Let’s look at a simple five step process that you can use to hold anyone accountable for their behaviour. Suppose someone has been rude to a customer.

  1. You could say to them:
    “Michael, when I saw you being rude to Mrs. Smith, I felt embarrassed because one of our standards is to always be respectful to our customers.
  2. Wait for a reply.
  3. Once the person has responded say “What I would really appreciate is or what our customers would appreciate is “and tell them.
  4. Wait for their response.
  5. Then say “Can we agree from now on we will”

Think about the situation when someone is being sarcastic or making rude comments about you. They could be referring to you personally, your promotion or special assignment to name a few.

How can you confront them?

  1. You could say to them “Michael, I heard what you said about me or my promotion or my special assignment and then tell them how you feel be it sad, disappointed, frustrated, worried, stressed or embarrassed.
  2. Wait for their reply.
  3. Once they have replied, continue by saying” I would really appreciate it if you would…. and tell them what you want them to do.
  4. Wait again for their response.
  5. Then say “Can we agree from now on…”

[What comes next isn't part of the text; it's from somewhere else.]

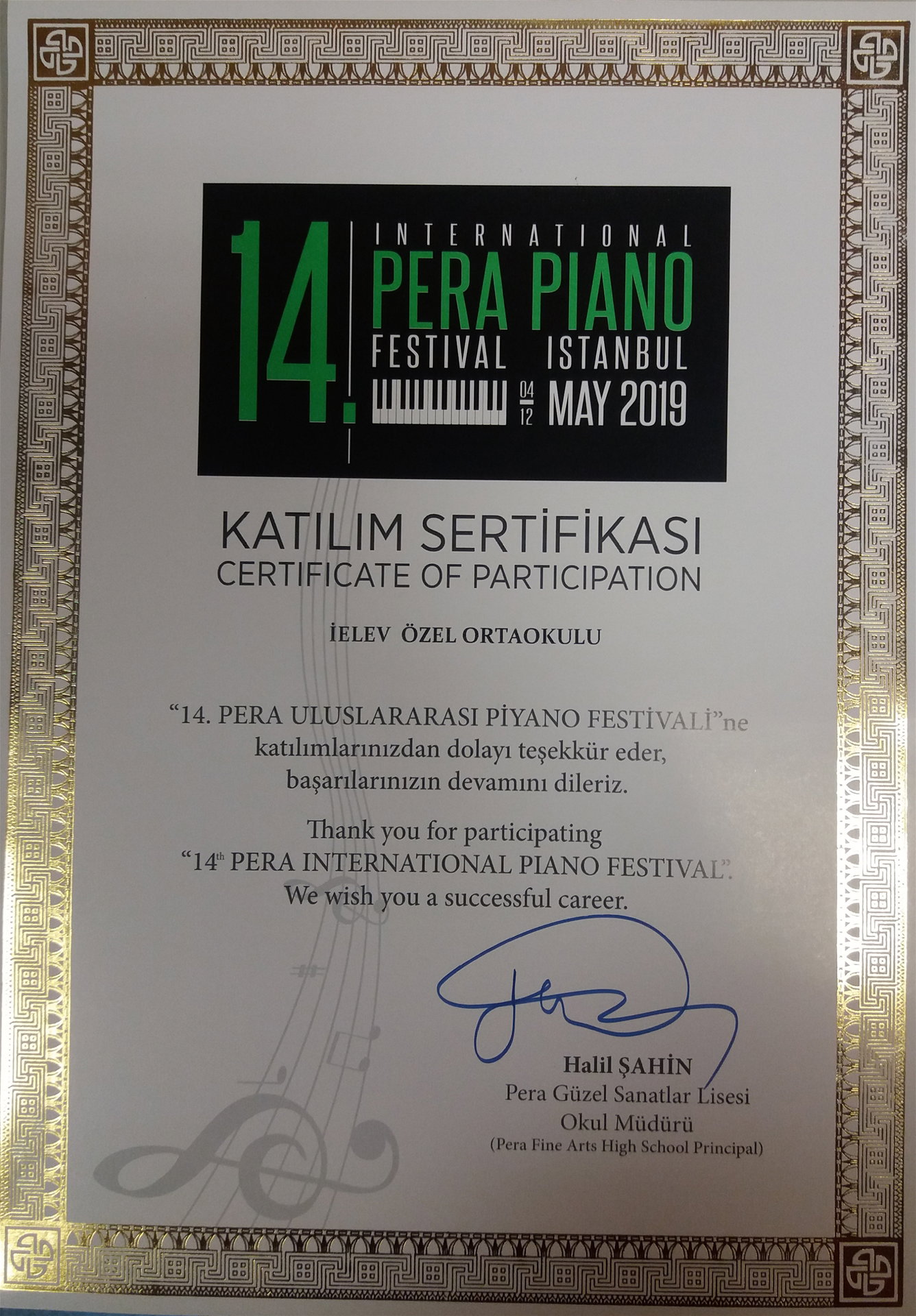 04-12 Mayıs 2019 tarihleri arasında düzenlenen 14.Uluslararası Pera Piyano Festivali’ne katılarak performanslarıyla göz dolduran öğrencilerimiz Tarık SİVRİKOZ (Ana Sınıfı), Ömer Tarık ERKAN (1-A), Ela Aden AKÇAY (1-A), Barış IRMAK (1-B), Defne ERCİYAS (1-C), Dilara ÖZDEMİR (2-B), Karaca Aslı BOR (2-B), Sinan Aras İŞERİ (2-B), Melek Leyla BELGİN (2-C), Kaçkar DEMİRDAĞ (2-C), Alisa ATAY (3-A), Günseli YÖRÜKER (3-A), Mert Emir UÇAR (3-A), Leyla Smyrna CABAS (3-B), Ayşe Naz ACET (3-B), Ayşe ÖZYILDIRIM (3-B), Ada DANYAL (3-C), Neslişah KOCATEPE (3-C), Zeren ÇALIŞKAN (3-C), Nida İÇEN (4-A), Arda BOZACIYAN (4-B), Lia DARÇİN (4-B),Efe EREN (4-C), Efe ALİKAYA (4-C), Cemre YALÇIN (4-C), Deniz SİNEMİLLİOĞLU (5-B), Can EKMEKÇİ (5-C), Haki Gün İÇEN (5-C), Lütfü Ata UYSAL (5-C), Işık TANKUT (5-C),Ömer Faruk ÖZDEMİR’e (7-A) festival komitesi tarafından sertifikaları verildi.

It’s not easy to confront colleagues about unacceptable behaviour but it’s everyone’s responsibility. Why does this model work? Because it focuses on the unacceptable behaviour. Not on the rules or why there are rules but why the individual isn’t following the rules. It puts the onus on them to explain their behaviour and correct it. Try this simple model and see how it can make a difference in your working relationships.